In January, Republicans gained control of the U.S. House of Representatives, albeit by a slim majority and with extremist members flexing their muscles. House Republicans know their chances of getting their legislation through the U.S. Senate and the Biden White House are vanishingly small. But we now know what they will do, if and when they have their druthers.
Although the debt ceiling was raised three times while Donald Trump was president, House Republicans may well refuse to do so in 2023. Shrugging off the consensus among economists that default would have catastrophic consequences for virtually all Americans, Rep. Bob Good (R-Va.) declared the only result would be that the federal government would “have to cut discretionary spending so we stop spending more than we’re taking in.” Without providing details, Rep. Chip Roy (R-Texas) claimed $130 billion can be saved by cutting appropriations to “woke & weaponized bureaucrats.”

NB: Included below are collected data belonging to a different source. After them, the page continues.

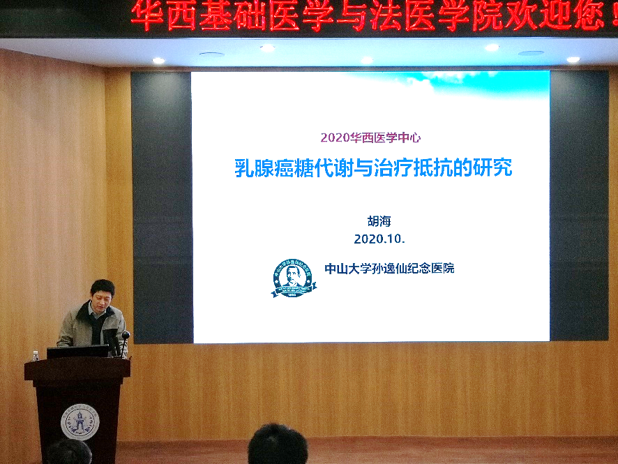 应beat365官网邀请,2020年11月26日上午9:00,中山大学孙逸仙纪念医院胡海教授在华西校区五教报告厅做了题为“乳腺癌糖代谢与治疗抵抗的研究”的学术报告。
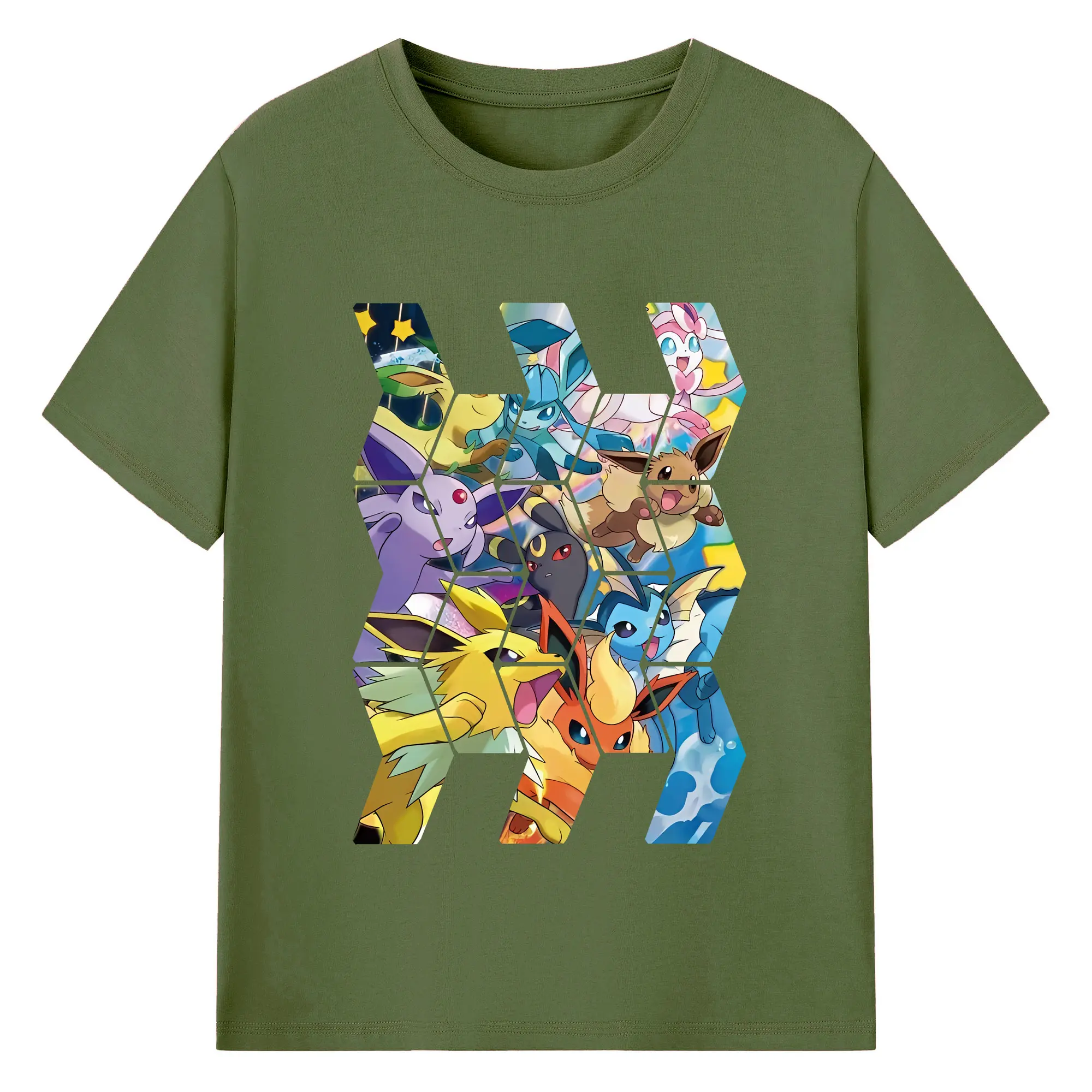 ポケモン グッズ,イーブイ - 綿100% 半袖Tシャツ ・ バックプリント ・ 快適 通気性 ・ 日常使い 散歩 スポーツ用
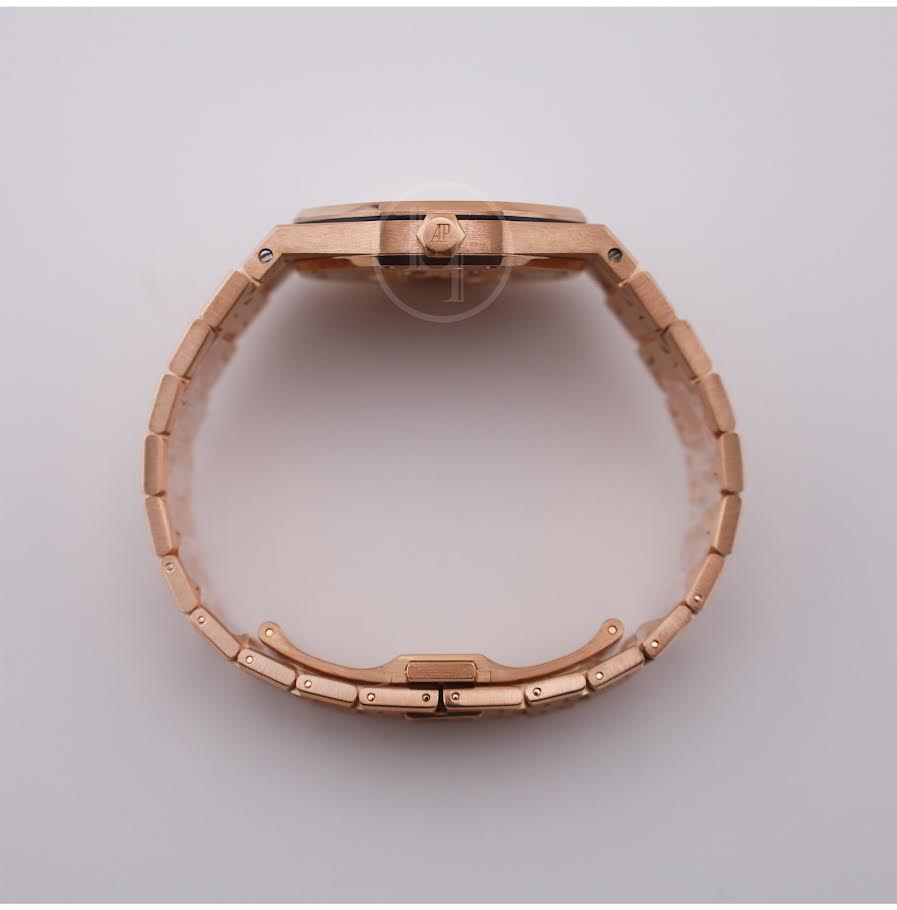 33mm x 7.00mm 18K pink gold case, diamond bezel with 40 brilliant-cut diamonds (~0.71ct), glareproofed sapphire crystal, silver dial with Grande Tapisserie pattern, pink gold applied hour-markers, and pink gold Royal Oak hands with luminescent coating , quartz Audemars Piguet Calibre 2713 movement with hours, minutes, and date, approximately 39 months of power reserve, 18K pink gold bracelet. Water resistant to 50 meters.
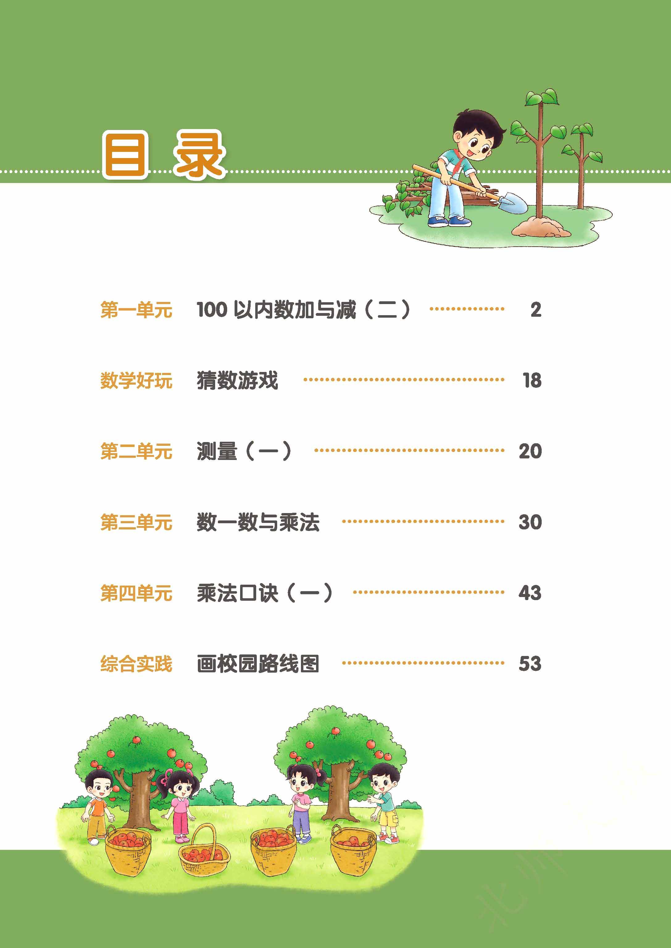 一:2024版最新北师大版小学数学二年级上册电子课本教材目录:
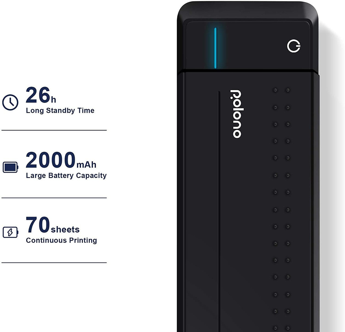 Amplia conexión Bluetooth 4.0, compatible con Android / iOS Mobile, también compatible con Windows, computadora Linux, laptop, y también funciona con iPad. (Nota: aunque MAC no es compatible con Bluetooth actualmente, puedes conectar fácilmente un portátil Mac o Windows con la impresora a través de un cable USB. También debe tener en cuenta que la impresora no es compatible con ChromeBook actualmente.; Gran capacidad de batería: con una batería incorporada, puede imprimir 70 copias cuando está completamente cargada. Con una batería integrada de 2600 mAh, 26 horas de tiempo en espera, se puede cargar completamente para imprimir 70 copias, cable tipo C para una carga segura.; Pequeño y portátil: lo suficientemente pequeño como para caber fácilmente en un maletín o bolso de hombro y se sostiene fácilmente en una mano. Impresora móvil Polono A4, imprime en cualquier momento y en cualquier lugar. La distancia entre el hogar y la oficina se acortará, y el lugar de trabajo ya no se limitará.; Impresora ecológica: la impresora Polono utiliza tecnología de transferencia térmica, sin tinta, solo necesitas reemplazar la cinta térmica.; Alta resolución: impresión de papel A4 común, alimentación automática del papel, alta resolución de 300 ppp, hace que el documento de impresión sea más claro. Todos nuestros productos estan en inglés SKU 91221058960

Intent on starving the federal government, House Republicans voted in January to cancel the $80 billion appropriation made last year to the Internal Revenue Service, the staff of which has shrunk significantly over the past few decades. The Republicans claimed 87,000 new agents, many of them armed, would “weaponize” the IRS, but according to the non-partisan Congressional Budget Office, if their bill became law, and audits of wealthy Americans remain few and far between, the federal deficit would increase by $114 billion.
House Republicans propose replacing individual and corporate income taxes with a national sales tax. To equal the revenue now taken in by the federal government, the sales tax would have to be about 30 percent. A bonanza for the wealthiest Americans, whose share of federal taxes would fall from 84.4 percent to 65.1 percent, the sales tax would fall disproportionately on the middle class.
The Republican Study Committee, a group of 160 members of Congress, recommends raising the age of eligibility for Medicare to 67 and Social Security to 70, changing the way benefits are calculated and allowing Americans to choose private sector plans. Sen. Rick Scott (R-Fla.) advocates sunsetting all federal programs — including Medicare and Social Security — and forcing Congress to decide whether to re-authorize them every five years, a plan President Biden hammered in his State of the Union Address. The president — and House Republicans — no doubt know how strongly Americans support these programs.
And House Republicans have established a committee to investigate the “weaponization of government.” Motivated by partisan political gain, the Justice Department and other federal agencies, they maintain, have violated civil liberties, silenced and punished conservatives while ignoring the misdeeds of Democrats and their allies. The committee’s targets include Hunter Biden and Dr. Anthony Fauci. Rep. Marjorie Taylor Greene (R-Ga.) has demanded an investigation of the Capitol Police officer who shot and killed Ashli Babbitt as she was breaking into the House chamber (where dozens of members and staff were sheltering near the glass doors of the Speaker’s lobby) to stop Congress from certifying the results of the 2020 election. Insisting that the officer, who has been cleared of wrongdoing, “murdered” Ms. Babbitt, Greene wants the committee to reopen the case and examine violations of the rights of “many people that came into the Capitol on Jan. 6.”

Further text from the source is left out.